Children of Men Quotes

Theodore Faron : [ as the building they're in is being attacked ] How is she?
Kee : Annoyed!

Movie: Children of Men
Soldier : Cease fire! Cease fire!

Movie: Children of Men
Julian Taylor : You're smoking?
Theodore Faron : Yeah; it's not working.

Movie: Children of Men
Kee : Froley.
Theodore Faron : Froley.
Kee : Name my baby Froley.
Theodore Faron : It's the first baby in 18 years. You can't call it Froley.
Kee : Says who?

Movie: Children of Men
Kee : I want to call her Bazouka.
Theodore Faron : Bazouka?
Kee : You don't like it?
Theodore Faron : I was getting used to Froley.

Movie: Children of Men
Kee : Dylan. I'll call my baby Dylan. It's a girl's name, too.

Movie: Children of Men
Theodore Faron : Oh yeah, there you go, that's what you always do when it gets tough, you walk away.
Julian Taylor : This is our stop.

Movie: Children of Men
Theodore Faron : You Ok?
Kee : Yeah, You?
Theodore Faron : Yeah... What a day.

Movie: Children of Men
Kee : [ giving birth ] Fuck! Theo, I can't fucking do it!
Theodore Faron : Yes, you fucking can!

Movie: Children of Men
Jasper : I'm glad you don't take cream or sugar Amigo, losing you and Baby Diego in the same day... would be too hard to bare.
Theodore Faron : Well that was even worse, everybody crying.
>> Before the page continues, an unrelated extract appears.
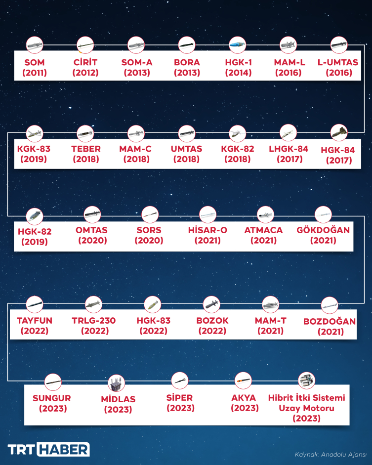[Grafik: TRT Haber]SOM 2011, CİRİT 2012, SOM-A 2013, BORA 2013, HGK-1 2014, MAM-L 2016, L-UMTAS 2016, HGK-84 2017, LHGK-84 2017, KGK-82 2018, UMTAS 2018, MAM-C 2018,TEBER 2018, KGK-83 2019, HGK-82 2019, OMTAS 2020, SORS 2020, HİSAR-O 2021, ATMACA 2021, GÖKDOĞAN 2021, BOZDOĞAN 2021, MAM-T 2021, BOZOK 2022, HGK-83 2022, TRLG-230 2022, TAYFUN 2022, SUNGUR 2023, MİDLAS 2023, SİPER 2023, AKYA 2023, Hibrit İtki Sistemi Uzay Motoru 2023 ve İnsanlı İlk Uzay Misyonu&Türk Uzay Bilim Misyonu 2024."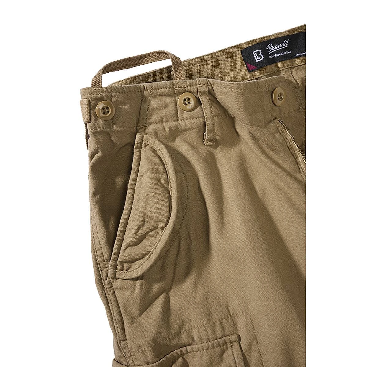 Die M65 Ladies Trouser ist die feminine Form der legendären M65 Armeehose im Loose Fit-Style. Sie besitzt einen leicht tiefen Schritt und ein locker geschnittenes Bein. Es gibt 2 große Bein-Cargotaschen, die lange Bänder besitzen, welche entweder nach aussen getragen oder in den praktischen großen Beintaschen versteckt werden können. Des Weiteren besitzt die M65 Damen (Woman) Hose 2 Front-Doppeltaschen, die aus 2 Eingrifftaschen und 2 aufgesetzen Pattentaschen mit Druckknopfverschluss bestehen. Die beiden kleinen Gesäßtaschen mit Druckknopfverschluss formen optisch einen echten Knackpo.

I mean... Baby Diego? Come on, the guy was a wanker!
Jasper : Yeah, but he was the -youngest- wanker on Earth!

Movie: Children of Men
Patric : This never fucking happened, so don't go telling tales 'cause we'll be watching you. At work, when you sleep, when you have a piss, we'll be watching. All the *fucking* time.
Theodore Faron : Jeez, your breath stinks.
Patric : No, it doesn't.
Theodore Faron : Yes, it does.

Movie: Children of Men
Jasper : So, the Human Project is havin' this dinner and all the wisest men in the world are there...
Theodore Faron : [ scoffing ] Human Project, why do people believe this crap? You know even if these people existed with these facilities in these secret locations, fuck me, that's strong! Even if they discovered the cure for infertility, doesn't matter! Too late. World went to shit. Know what? It was too late before the infertility thing happened, for fuck's sake.
Jasper : [ taking a puff off the joint ] I was just tryin' to tell a joke, man.
Theodore Faron : Oh, I'm sorry, go on.
Jasper : No, I'm not tellin' it now!
Theodore Faron : No, c'mon Jasper, go on!
Jasper : No, fuck it! I'm not tellin' it to you!
Theodore Faron : C'mon, I'm sorry!
Jasper : Ok, the Human Project gives this great, big dinner for all the scientists and sages in the world. They're tossing around theories about the ultimate mystery: why are all the women infertile? Why can't we make babies anymore? So, some say it's genetic experiments, gamma rays, pollution, same ol', same ol'. So, anyway, in the corner, this Englishman's sitting, he hasn't said a word, he's just tuckin' in his dinner. So, they decide to ask him, they say, "Well, why do you think we can't make babies anymore?" And he looks up at 'em, he's chewin' on this great big wing and he says "I haven't the faintest idea," he said, "but this stork is quite tasty isn't he?"

Movie: Children of Men
Radio Announcer : And now one for all the nostalgics out there. A blast from the past all the way back from 2003, that beautiful time when people refused to accept that the future was just around the corner.

Movie: Children of Men
Theodore Faron : A hundred years from now there won't be one sad fuck to look at any of this. What keeps you going?
Nigel : You know what it is, Theo? I just don't think about it.